Monsieur [G] [U] sera par ailleurs condamné au paiement d'une indemnité mensuelle d'occupation pour la période courant du 27 mai 2024 à la date de la libération effective et définitive des lieux, égale au montant de la redevance avec charges qui auraient été dus si le bail s'était poursuivi en ce qu'aucun élément ne justifie de dépasser la valeur locative du bien loué et de l'augmenter à 600 euros comme sollicité.
Sur les demandes accessoires
Monsieur [G] [U], partie perdante, supportera la charge des dépens, en application de l'article 696 du code de procédure civile.
L'équité justifie de ne pas faire droit à la demande formée au titre de l'article 700 du code de procédure civile.

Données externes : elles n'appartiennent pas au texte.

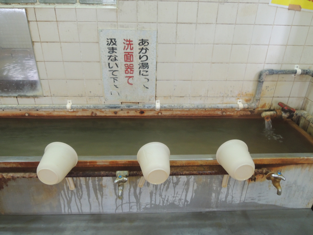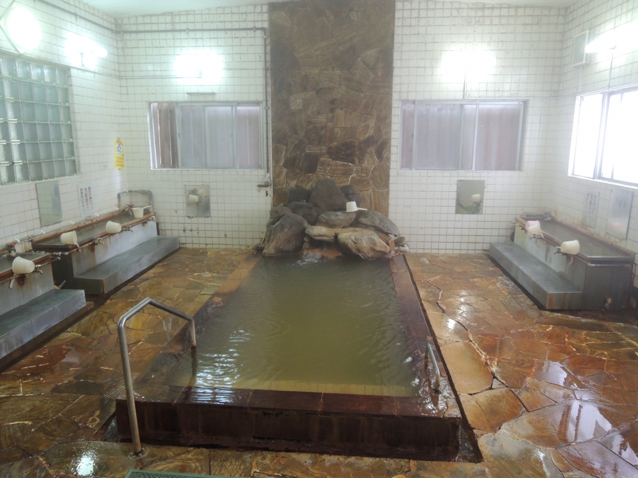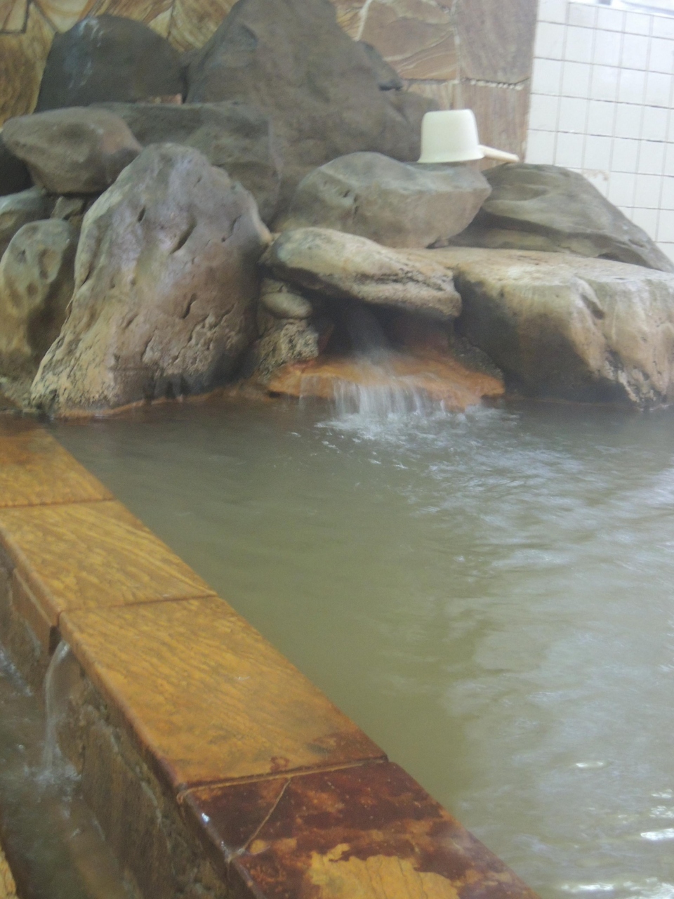 茶褐色の湯がナミナミと流れる出るお薦めの共同浴場。
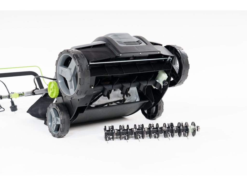 Pracovní hloubku si nastavíte pomocí páčky v rozsahu od 9 do -13 mm, stroj tedy můžete použít na nejrůznějších typech půdy. Do sběrného koše se vejde až 55 litrů trávy. Pohodlnou práci vám zajistí měkké rukojeti. Na těle vertikutátoru také najdete madlo pro pohodlnější přenášení stroje.

La décision est assortie de l'exécution provisoire, en application de l'article 514 du code de procédure civile.
PAR CES MOTIFS
Le juge des contentieux de la protection, statuant publiquement, après débats en audience publique, par jugement mis à disposition au greffe contradictoire et en premier ressort,
CONSTATE la résiliation du contrat de résidence conclu le 25 septembre 2020 entre la SA d'HLM ESPACIL HABITAT et Monsieur [G] [U] concernant l'appartement à usage d'habitation situé au [Adresse 2], par l'effet du congé délivré et ce à compter du 27 mai 2024;
DEBOUTE Monsieur [G] [U] de sa demande de délai pour quitter les lieux ;
ORDONNE en conséquence à Monsieur [G] [U] de libérer les lieux et de restituer les clés dans le délai de quinze jours à compter de la signification du présent jugement ;
DIT qu'à défaut pour Monsieur [G] [U] d'avoir volontairement libéré les lieux et restitué les clés dans ce délai ou à défaut de paiement d'une échéance de l'indemnité d'occupation, la SA d'HLM ESPACIL HABITAT pourra, deux mois après la signification d'un commandement de quitter les lieux, faire procéder à son expulsion ainsi qu'à celle de tous occupants de son chef, y compris le cas échéant avec le concours d'un serrurier et de la force publique;
CONDAMNE Monsieur [G] [U] à verser à la SA d'HLM ESPACIL HABITAT une indemnité mensuelle d'occupation d'un montant équivalent à celui de la redevance, telle qu'elle aurait été si le contrat s'était poursuivi, à compter de la date de résiliation, le 27 mai 2024, et jusqu'à la date de la libération effective et définitive des lieux (volontaire ou en suite de l'expulsion) ;
DIT n'y avoir lieu à paiement d'une indemnité au titre de l'article 700 du code de procédure civile ;
CONDAMNE Monsieur [G] [U] aux dépens, qui comprendront notamment le coût de l'assignation ;
RAPPELLE que l'exécution provisoire est de droit.
Ainsi jugé et prononcé par mise à disposition les jour, mois et an susdits par la Juge des contentieux de la protection et la Greffière susnommées.